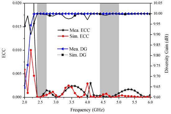 Measured and simulated ECC and DG of the proposed two-element MIMO antenna.
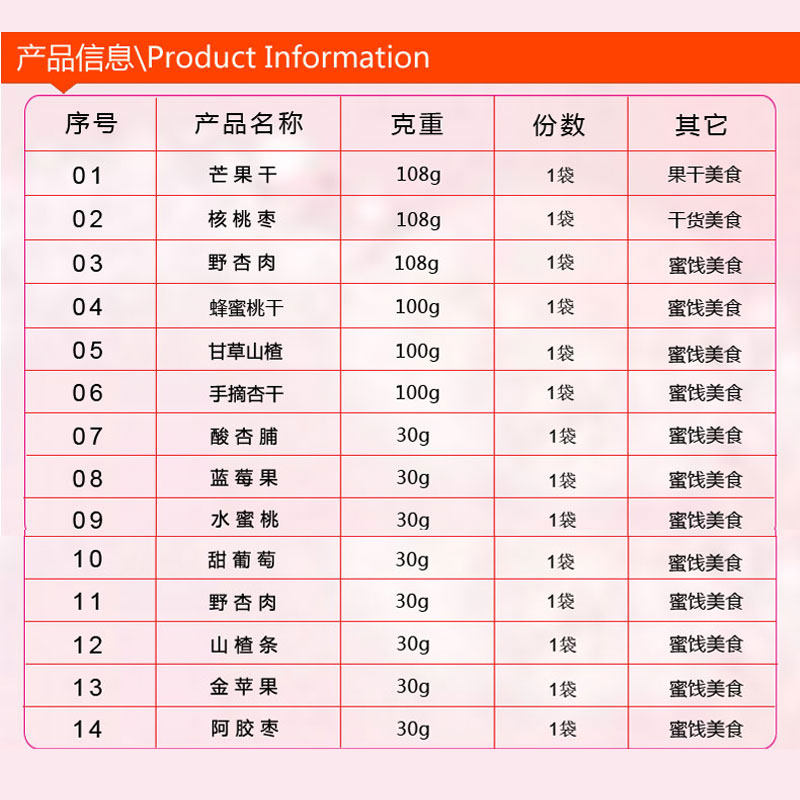 Dried apricots, apricot meat, blueberries, hawthorn, raisins, walnuts, red dates, mangoes, dried peach
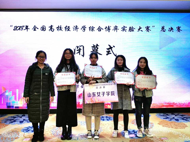 近日,2018年全国高校经济学综合博弈实验大赛总决赛在成都举行,我校经济学院李艳丽、姜凌洁、贾腾腾、薄永芳四名同学在比赛中获得全国团体三等奖、华东区二等奖的好成绩。
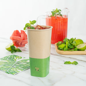 22 OZ KRAFT AND GREEN PAPER HOT / COLD DRINKING CUP - SINGLE WALL
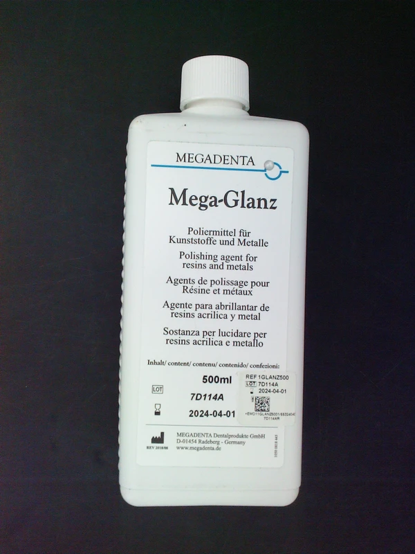 Mega-Glanz ist ein Hochglanz-Poliermittel für Kunstoff- und Metallarbeiten sowie für kombinierte Kunststoff/Metallprothesen. Durch die feine flüssige Konsistenz ist die Politur direkt am Arbeitsplatz des Technikers möglich. Mega-Glanz ist vor Austrocknung geschützt.

◇ ◇ ◇

### [Activity]
Please set down each line of the data above exactly as written, without the pictures.

### [Response to this exercise]
 Measured and simulated ECC and DG of the proposed two-element MIMO antenna.
 Dried apricots, apricot meat, blueberries, hawthorn, raisins, walnuts, red dates, mangoes, dried peach
 近日,2018年全国高校经济学综合博弈实验大赛总决赛在成都举行,我校经济学院李艳丽、姜凌洁、贾腾腾、薄永芳四名同学在比赛中获得全国团体三等奖、华东区二等奖的好成绩。
 22 OZ KRAFT AND GREEN PAPER HOT / COLD DRINKING CUP - SINGLE WALL
 Mega-Glanz ist ein Hochglanz-Poliermittel für Kunstoff- und Metallarbeiten sowie für kombinierte Kunststoff/Metallprothesen. Durch die feine flüssige Konsistenz ist die Politur direkt am Arbeitsplatz des Technikers möglich. Mega-Glanz ist vor Austrocknung geschützt.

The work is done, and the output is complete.